Supporting the future of agriculture
June 17, 2019
The distinctive blue corduroy jackets are a mainstay in rural America, and spring is an exciting time for Future Farmers of America students. Future Farmers of America has been a pillar of agricultural education since 1928. It is the premier youth organization preparing members for leadership and careers in the science, business and technology of agriculture. Nationwide, there are 8,630 local FFA chapters in all 50 states, Puerto Rico and the U.S. Virgin Islands and the organization touts 669,989 members.
Earlier this spring in Lincoln, Nebraska, the 91st State Convention brought students from every corner of the state to compete for a spot at the National FFA Convention where college scholarships are at stake. At Tri-State, not only do we support FFA financially, I support them through serving as a judge at the state convention. My favorite section to judge is cooperative speaking. Students write a paper and give a speech about the impacts of cooperatives in their communities. It gives them public speaking experience, they get an understanding of the cooperative business model and how important they are in the agricultural industry. Students focus on a range of cooperatives from grocery stores to feed lots to rural electric coops. Through their research, it is clear they gain an appreciation for the cooperative business model and principles.
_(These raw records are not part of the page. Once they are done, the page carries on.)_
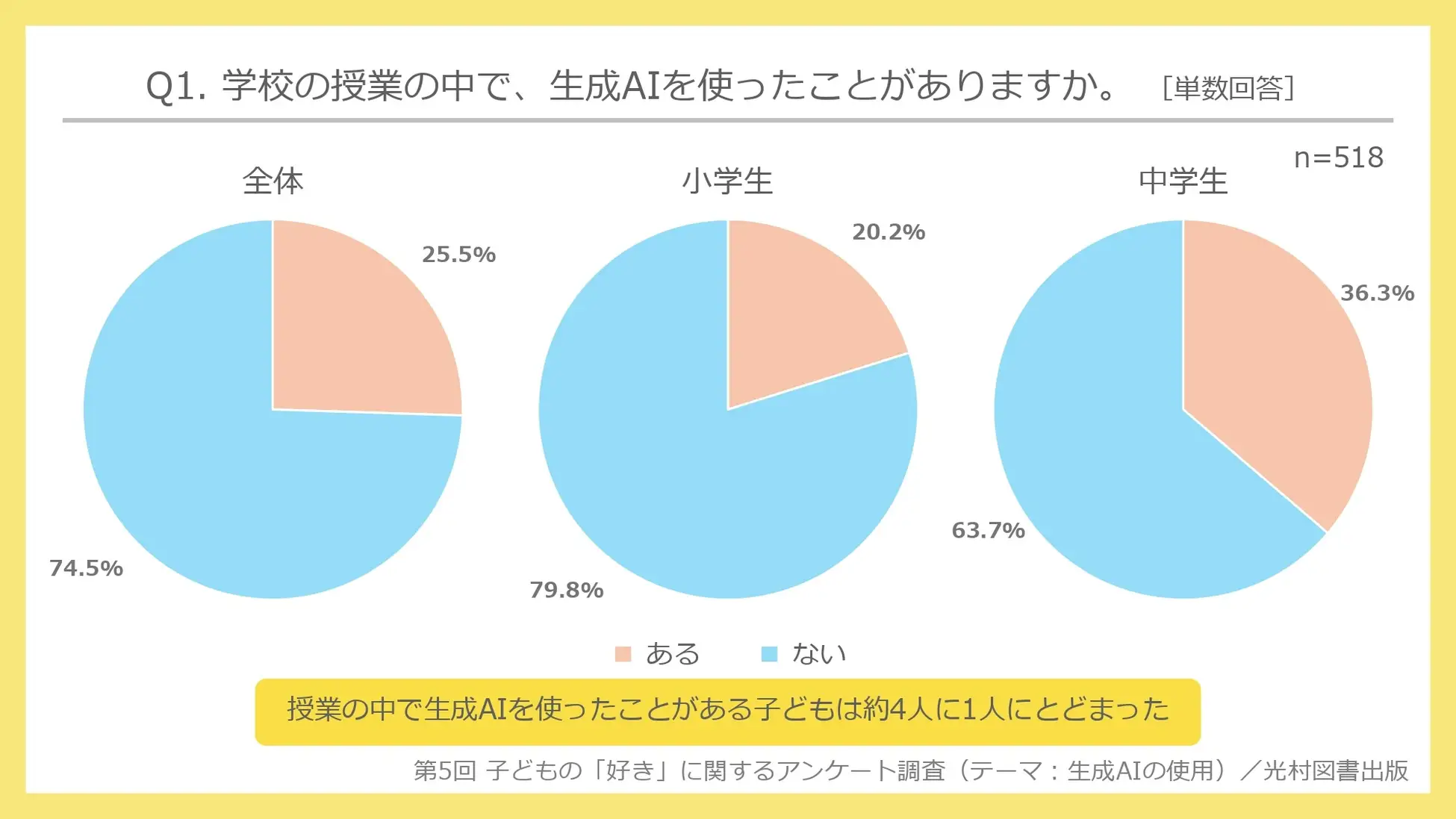 生成AI、小中生の74.5%が「学校の授業で使ったことがない」=光村図書出版調べ=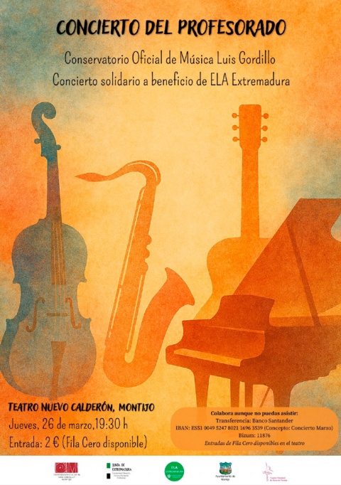 Este concierto tendrá además un carácter solidario, ya que la recaudación se destinará íntegramente a la Asociación ELA Extremadura. Asimismo, se habilitará una fila cero y la posibilidad de colaborar mediante Bizum para quienes no puedan asistir, pero deseen contribuir. Una tarde especial de música en la que el alumnado del centro podrá ver actuar a su profesorado, en el fondo también una experiencia didáctica.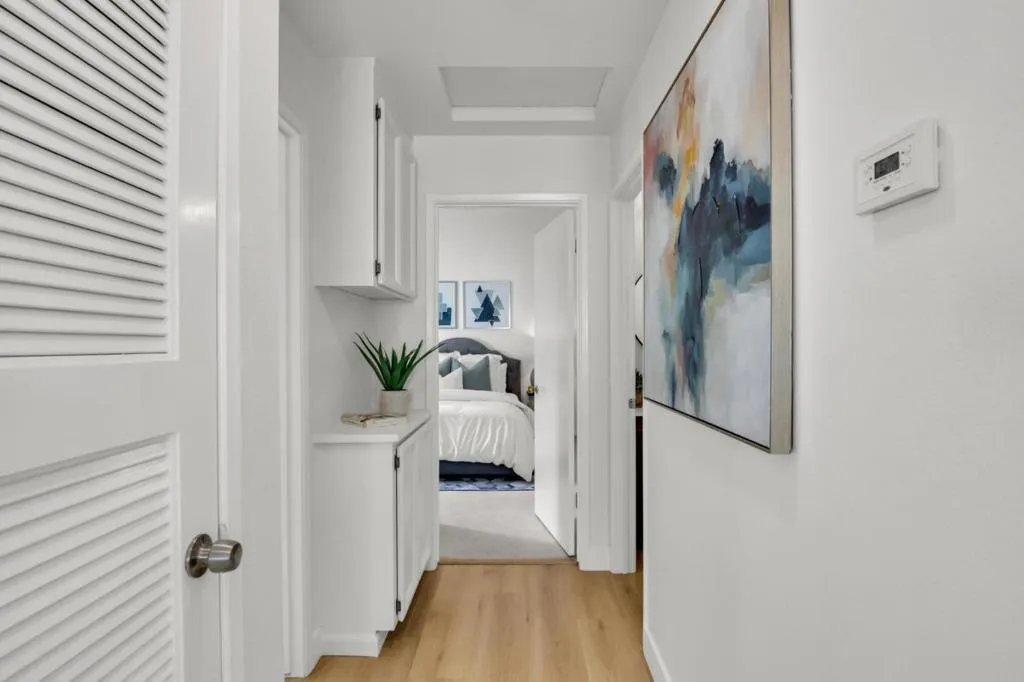 Welcome to this beautifully maintained 2-bedroom, 2-bathroom upper-unit condominium in the desirable Ardenwood community of Fremont. Featuring approximately 918 sq. ft. of comfortable living space, this home offers a bright and airy floor plan with abundant natural light. Enjoy brand-new luxury SPC flooring, fresh interior paint, new bathroom vanities, and modern light fixtures. The vaulted ceiling in the living room adds a spacious touch. The primary suite includes a walk-in closet, and the updated kitchen boasts ample cabinetry. In-unit laundry, attached garage parking, plus an additional assigned open parking space provide ultimate convenience. Relax on the large balcony with your morning coffee. Step outside to the serene Ardenwood grounds with lush greenbelts and community amenities. Ideally located close to shopping, dining, parks, and top-rated Fremont schools, this home is the perfect blend of comfort and convenience. Dont miss this opportunity!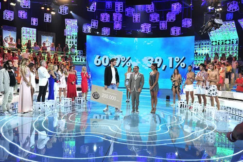 Lara Álvarez, el ganador del año de la edición de 2016 Jorge Díaz y Jorge Javier Vázquez en el plató del concurso, momentos antes de hacer entrega del premio.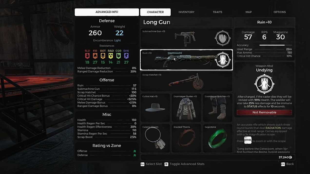 Класс Ex-Cultist начинается с набора Cultist, Coach Gun, Repeater Pistol, Scrap Hatchet, Аура Мендера мод оружия, и Дух черта характера. Каждое очко в Духе увеличивает скорость генерации мощности мода на 1,25 процента, что составляет максимум 25 процентов генерации энергии мода. Mender’s Aura имеет два заряда и создает круг исцеления, который восстанавливает 10 HP каждую секунду в течение 10 секунд. Диаметр круга составляет всего 2,3 метра, но нельзя недооценивать способность исцелять.
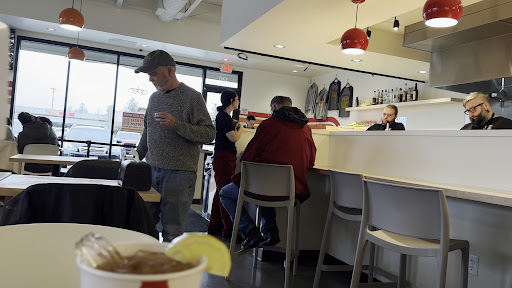 The customer experience was so-so. It was 1 hour before closing and there were 8 tables occupied. I ordered and the staff seemed distracted by closing procedures. As I waited for my order and watched the kitchen, the two staffers on the floor did not check the orders placed on the pickup counter. I saw three orders stack up. One staff came by and took an order to a table. The other floor staff was looking at their phone and moving around the floor. A delivery driver waiting in front, got the guy on the phone's attention and picked up his delivery bag. One lonely burger was sitting on the counter. The staff were not at the front where the kitchen dispensed the food for delivery to the number flagged tables. I thought that might be my order as there were no other customers waiting. As an experiment, I wanted to see how long the order would sit before a kitchen staff called to the floor staff or the floor staff checked the counter for outgoing food. After 6 minutes (fearing I would have a cold burger) I walked to the kitchen window and asked if the burger was for #7. The cook looked at the ticket and said "yeah, here ya go" .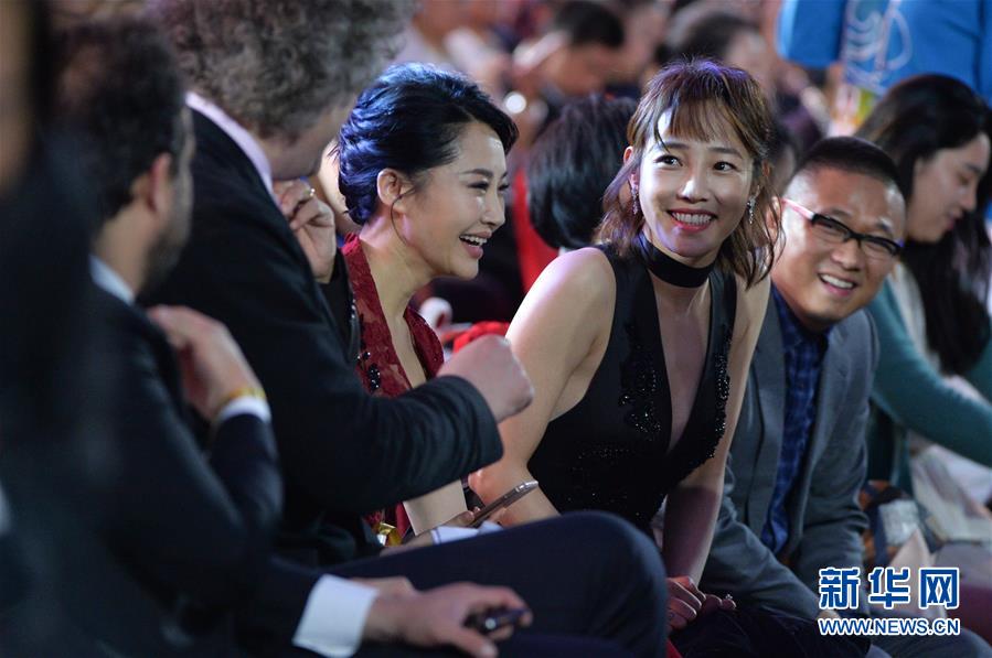 4月23日,白百何(右二)、许晴(右三)出席闭幕式。当日,第六届北京国际电影节在北京雁栖湖国际会展中心闭幕。 新华社记者李鑫摄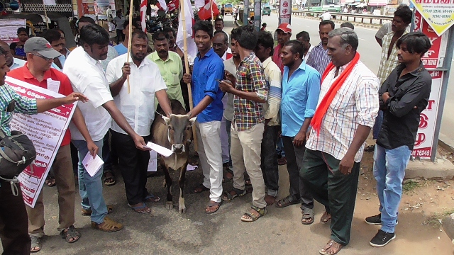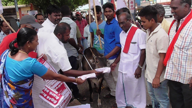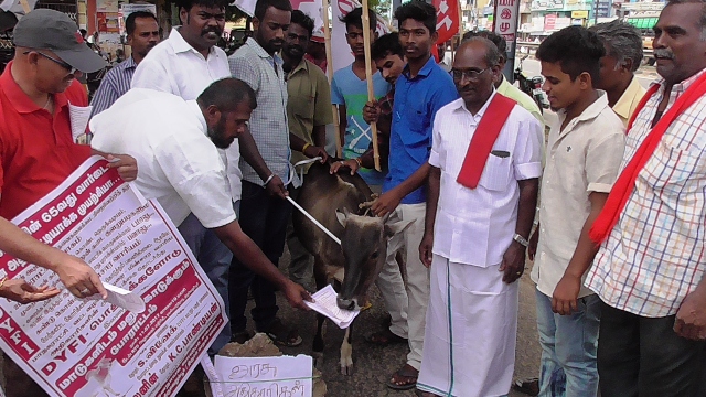 அதேப்போல் பொது வினியோக துறையில் செல்வபுரத்தில் 2 ஆயிரம் குடும்ப அட்டைக்கு ஒரு நியாய விலை கடையே உள்ளது. இதனால் பொது மக்கள் சிரமம் அடைகின்றனர். அதனால் அந்த கடையை இரண்டாக பிரிக்க வேண்டும். அனைவருக்கும் பாரபட்சமின்றி உணவு பொருட்கள் வழங்க வேண்டும். பதுக்கல் செய்யகூடாது. தேவையில்லாத சோப்பு, ரவை போன்ற பொருட்களை வாங்கும் படி கடை ஊழியர் நிர்ப்பந்திக்க கூடாது உள்ளிட்ட கோரிக்கைகளை வலியுறுத்தி மாடுக்கு மனு கொடுக்கும் நுதனப் போராட்டத்தில் இந்திய ஜனநாயக வாலிபர் சங்கத்தினர் ஈடுப்பட்டனர்.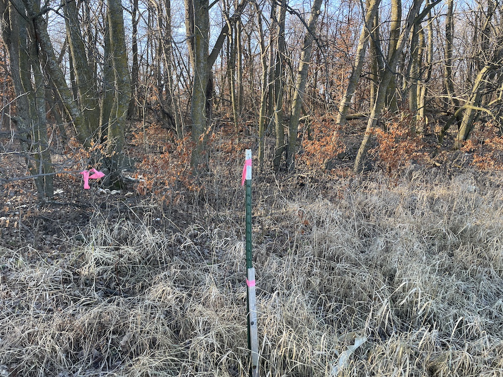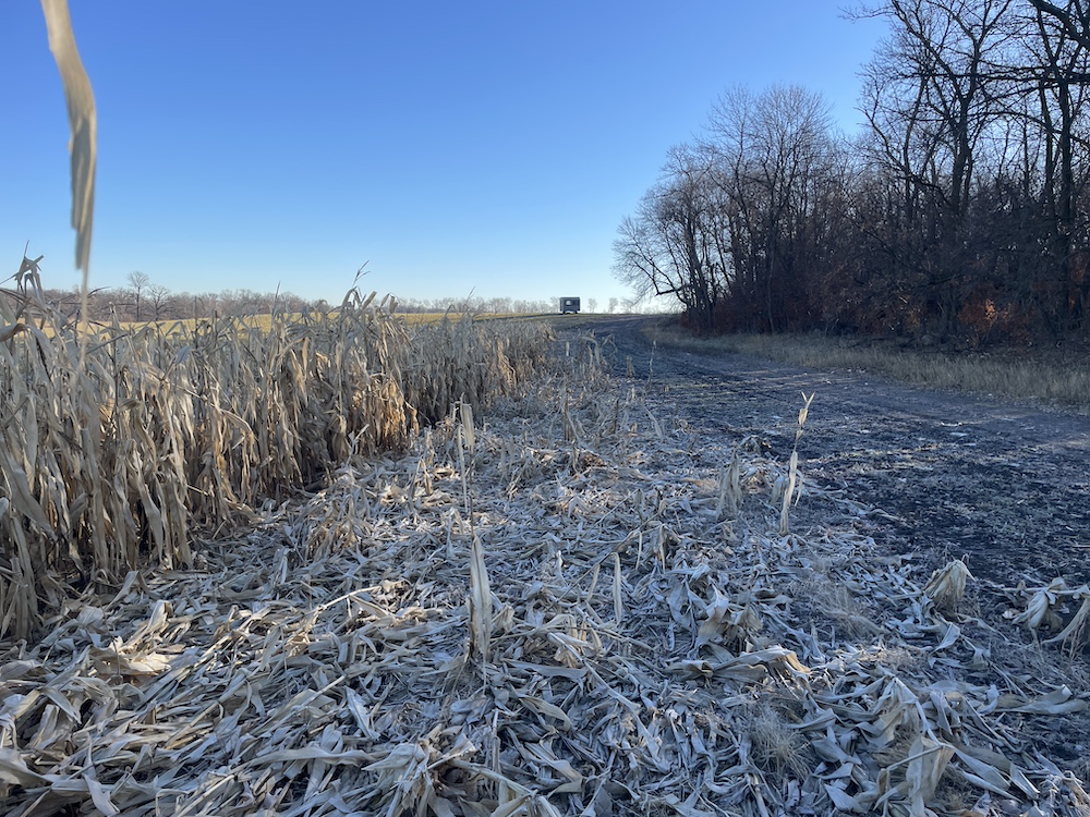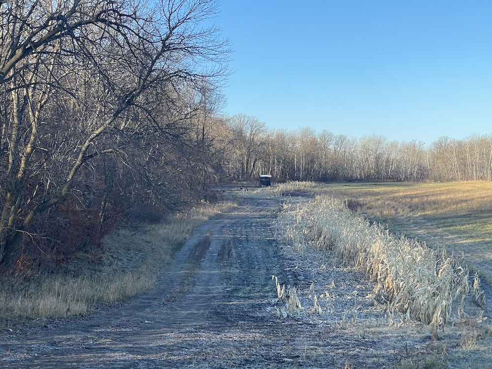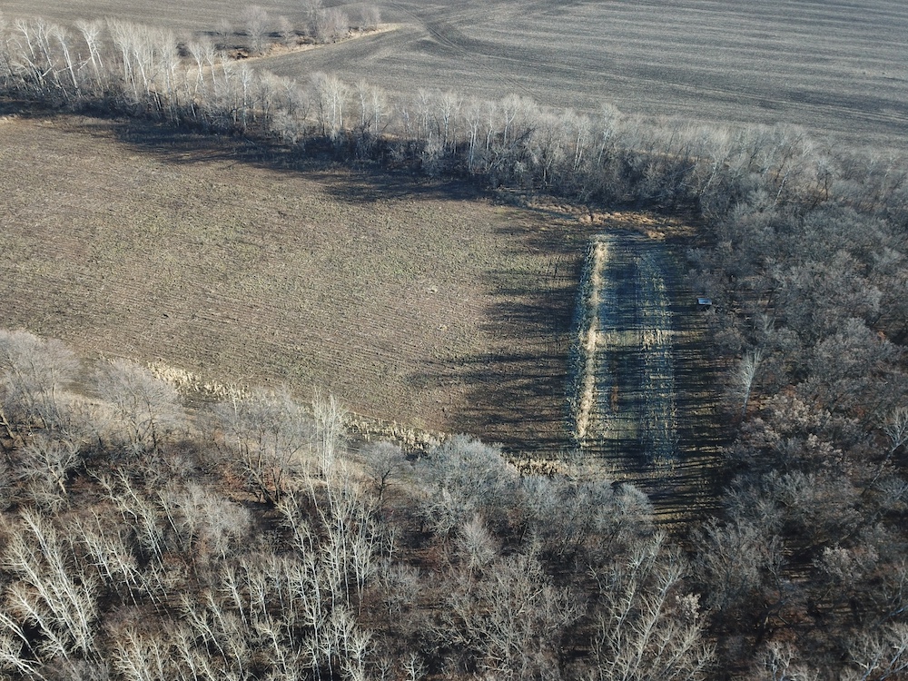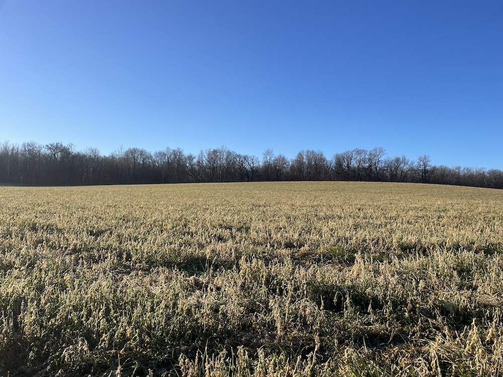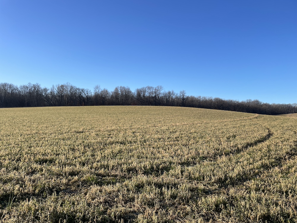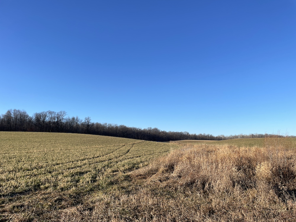 Behind the tillable acres, the landscape transitions to rolling high ground with mature oaks, maple, and aspen timber. This area covers approximately eighteen acres and includes established trails and identified food plot locations. The timbered section has a history of supporting varied wildlife activity, including deer, turkey, grouse, and occasional black bear. While proven stand locations are noted, no stands are included in the sale. The surrounding landscape adds to the property’s diversity, with a large block of timber to the south, agricultural fields to the east, and river bottom habitat located across the road to the north.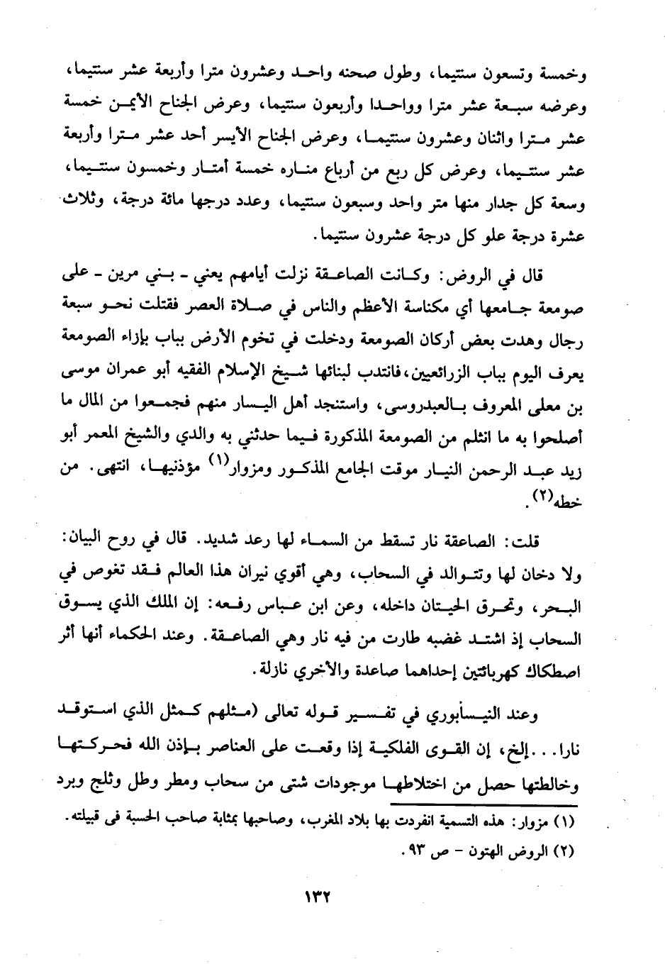 قال في الروض: وكانت الصاعقة نزلت أيامهم يعني -بني مرين- على صومعة جامعها أي مكناسة الأعظم والناس في صلاة العصر فقتلت نحو سبعة رجال وهدت بعض أركان الصومعة ودخلت في تخوم الأرض بباب بإزاء الصومعة يعرف اليوم بباب الزرائعيين، فانتدب لبنائها شيخ الإسلام الفقيه أبو عمران موسى بن معلى المعروف بالعبدروسى، واستنجد أهل اليسار منهم فجمعوا من المال ما أصلحوا به ما انثلم من الصومعة المذكورة فيما حدثني به والدي والشيخ المعمر أبو زيد عبد الرحمن النيار موقت الجامع المذكور ومزوار (¬1) مؤذنيها، انتهى. من خطه (¬2).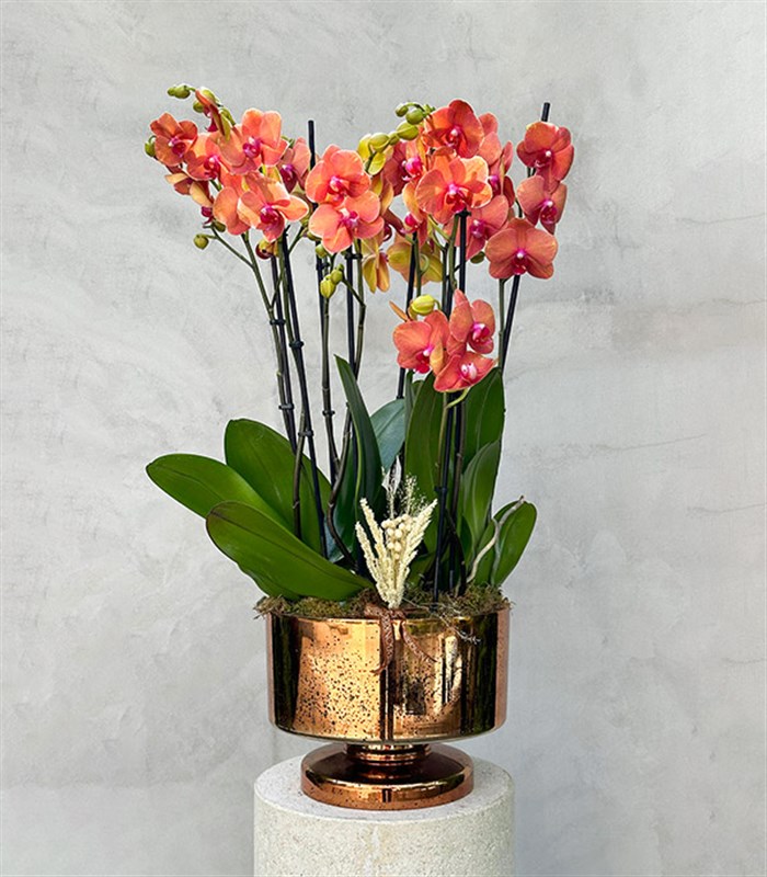 Eskitme Grand Cam Saksıda Narçiçeği Coral Orkideler 8 Dallı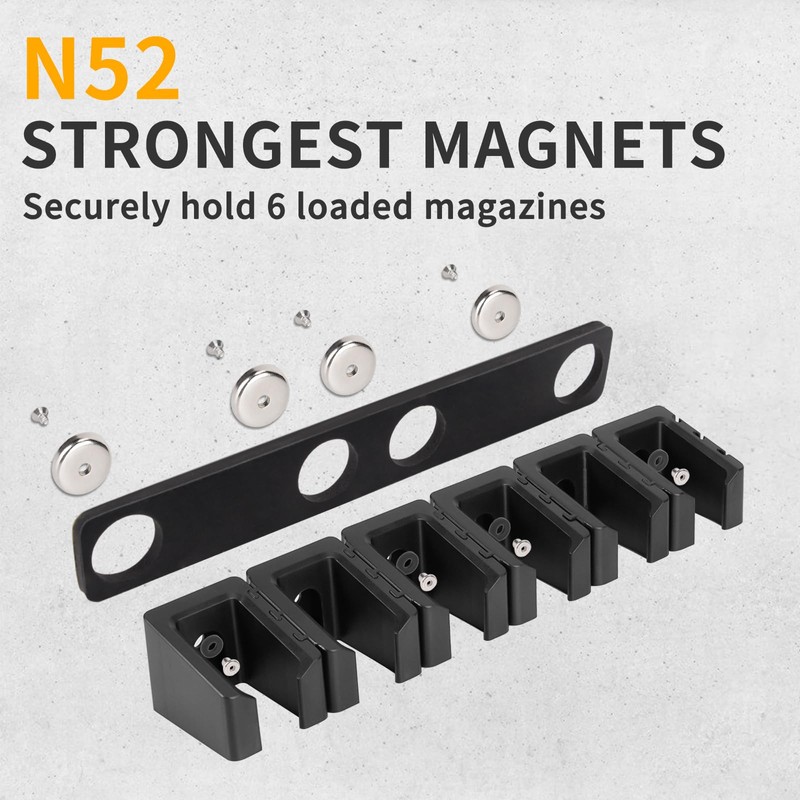 Magnets have ideal strength to securely hold 6 loaded magazines.

FFA also embraces the idea of building stronger communities. The last line of the FFA motto, “Living to Serve,” signifies the vital role service plays in FFA. The Living to Serve platform empowers every student in every classroom to make a positive impact in their community. FFA provides quality programs, resources, recognition and opportunities for its members to put their leadership into action through service engagement. This reflects my personal favorite cooperative principle, concern for community, and I am thrilled to represent Tri-State at an organization whose values align with our cooperative family.
Not only are these students the future of the agricultural industry, but they are the future leaders of the cooperative world.